Dopo aver elencato la formazione protagonista dello Scudetto, infatti, si canta "Fino a ieri co' sta Lazio per noi altri era uno strazio, ora stamo tra li mejo, niente più ci fermerà". E ancora "Quanti pianti me sò fatto pe' sta squadra mia der core" o "Ora tutti se sò accorti che tu sei na realtà": si tratta insomma di rivendicare uno spazio che, a lungo, è rimasto ancorato a posizioni di bassa classifica o addirittura alla Serie B come condizione comune del decennio '61-'71.

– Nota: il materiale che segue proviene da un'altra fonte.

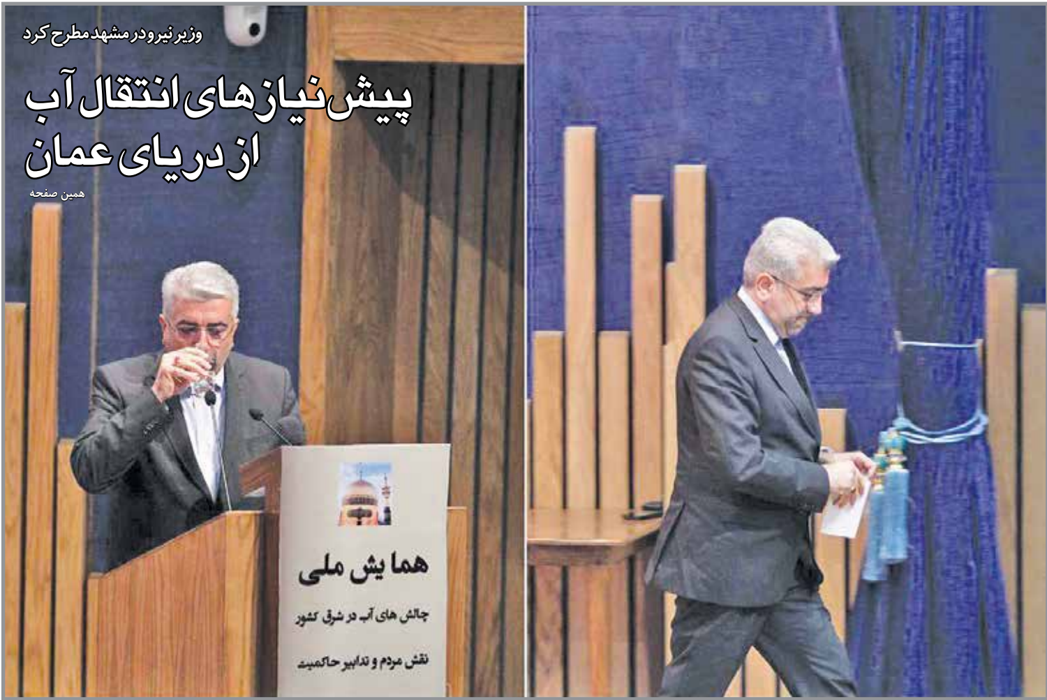
وزیر نیرو در مشهد مطرح کرد

Al di là del contenuto non si può mancare di sottolineare l'atmosfera assolutamente scanzonata, da vera e propria osteria, aspetto che anche riferendoci all'arrangiamento restituisce volutamente il clima tipico da stornello e non certo quello di uno stadio.
Sò già du ore
Già nel '77 Aldo Donati, cantautore e personaggio televisivo tifoso laziale, regalò ai biancocelesti un altro inno: Sò già du ore. Il clima è diverso dal pezzo precedente, dalla canzone celebrativa dello Scudetto, e ci si avvicina in modo più evidente alla forma canzone. Si torna in modo evidente anche al riferimento ai rivali e alla volontà di mostrare i muscoli: "Lazio grande Lazio, nata pe' domina. Tu sei la mejo e nun ce vonno sta'".
Torna, insomma, la presenza sottesa di un "loro" a cui riferirsi, di un'entità esterna da tenere sempre in considerazione per misurare la propria forza. Il clima, come detto, è lontano da quello dello stornello da osteria e si lega in modo più diretto ad altri inni (di altre squadre) scritti dalla fine degli anni '70 in poi, col riferimento all'amore per i propri colori e alla partecipazione emotiva del tifoso all'interno del suo stadio.
Vola Lazio Vola
Emotività e legame coi propri colori che tocca poi l'apice con l'inno che rimane quello ufficiale dei biancocelesti: Vola Lazio Vola, di Toni Malco. Si tratta di un brano del 1983, partito dallo spunto di un simbolo laziale come Chinaglia che - divenuto presidente del club - volle sancire questo nuovo corso con un inno, individuando proprio nel cantautore Malco l'artefice ideale del pezzo. L'idea iniziale, come ammesso da Malco stesso, era quella di far cantare l'inno ad Aldo Donati (come per Sò già du ore) ma gli impegni di quest'ultimo fecero sì che l'autore stesso prestasse la propria voce a Vola Lazio Vola.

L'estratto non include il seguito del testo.